BEGIN GIVEN INFORMATION

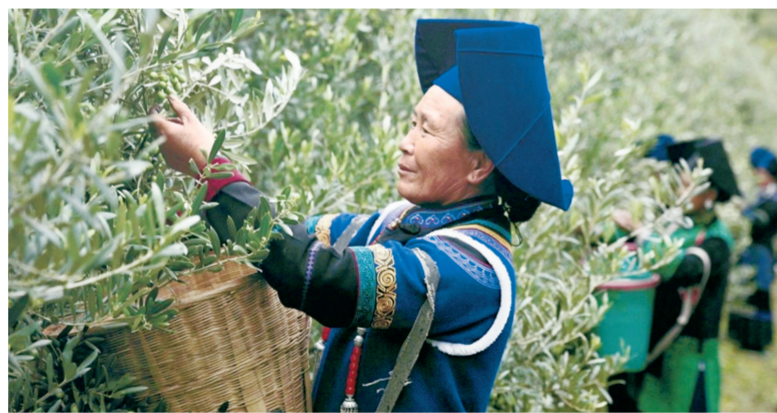
当地村民参与橄榄种植。
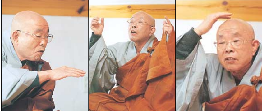
◇ '절구통 수좌'란 애칭으로 끊임없는 정진의 기풍이 대변되는 법전스님은 평생 '무'자 화두를 들고 수행했다.

화두라 말할 수 있어. 조계종의 중흥 조사 중의 한 분인 고려말엽의 태고 보우 스님은 처음에 "모든 존재는 하나로 돌아간다면 그 하나는 어디로 돌아가는가?"라는 화두를 참구하여 깨달음을 얻었다고 해. 뒤에 중국에 들어가 석유청공스님을 만나게 돼. 석유청공스님은 입제스님의 법손으로 알려진 인물
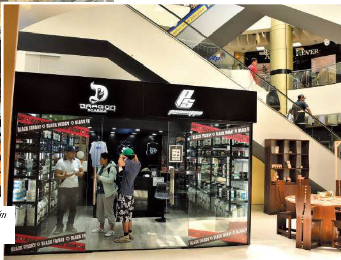
Más de 50 marcas bolivianas y extranjeras están instaladas en los tres niveles del Mall.
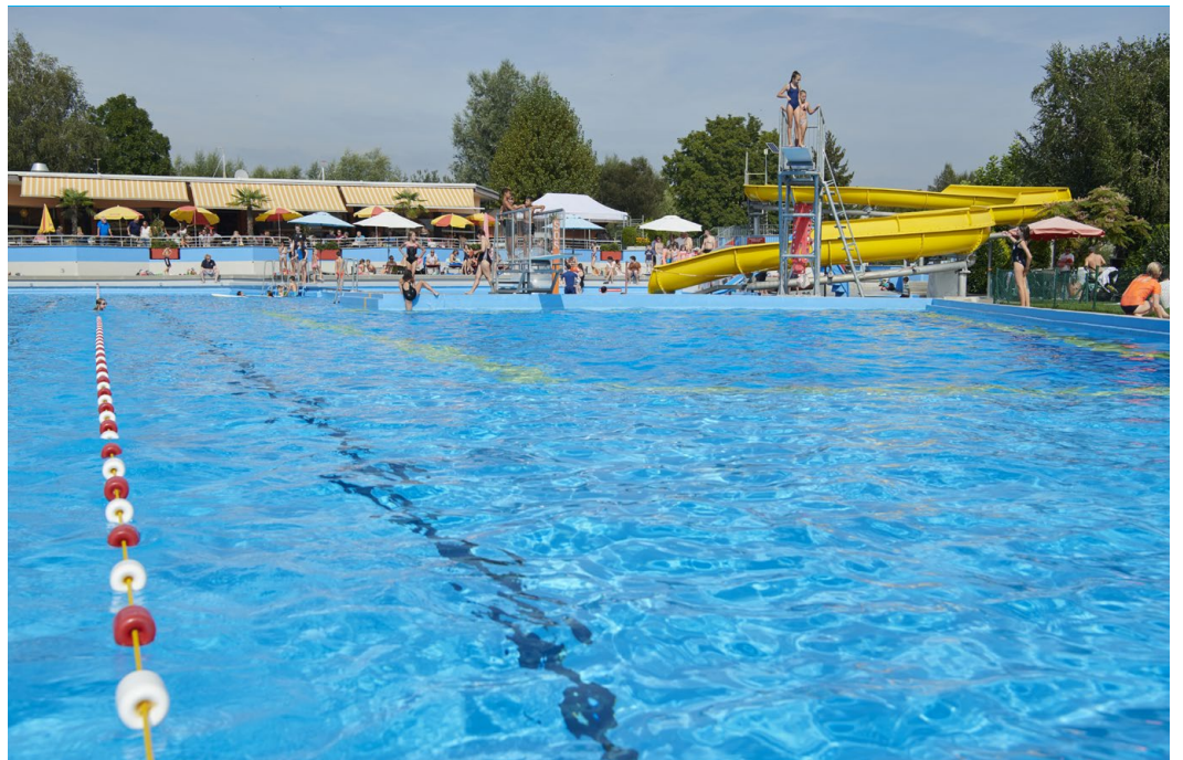
Im Schwimmbad Lido kann vorläufig weiterhin gebadet werden.

Die Expertise moniert vor allem die Führung und die Koordination des Projekts durch die Gesamtleitung, die den Architekten aus Zürich oblag. Die Rede ist von widersprüchlichen Planungsständen der einzelnen Planer, von einer mangelhaften Abstimmung von Kontrollen und Konsolidierungen von Arbeitsergebnissen sowie von fehlenden oder falschen Kosteninformationen. In Bezug auf die Stadt kommt die Expertise zum Schluss, dass ihr eine klare Definition der Projektanforderungen sowie ein griffiger Prozess zur Überprü-

END GIVEN INFORMATION

EXERCISE DESCRIPTION.
Output, exactly and without pictures, the lines above that run from the one containing "Más de 50 marcas" through the last line of the entries, inclusive.

ANSWER BOX.
Más de 50 marcas bolivianas y extranjeras están instaladas en los tres niveles del Mall.
Im Schwimmbad Lido kann vorläufig weiterhin gebadet werden.

Die Expertise moniert vor allem die Führung und die Koordination des Projekts durch die Gesamtleitung, die den Architekten aus Zürich oblag. Die Rede ist von widersprüchlichen Planungsständen der einzelnen Planer, von einer mangelhaften Abstimmung von Kontrollen und Konsolidierungen von Arbeitsergebnissen sowie von fehlenden oder falschen Kosteninformationen. In Bezug auf die Stadt kommt die Expertise zum Schluss, dass ihr eine klare Definition der Projektanforderungen sowie ein griffiger Prozess zur Überprü-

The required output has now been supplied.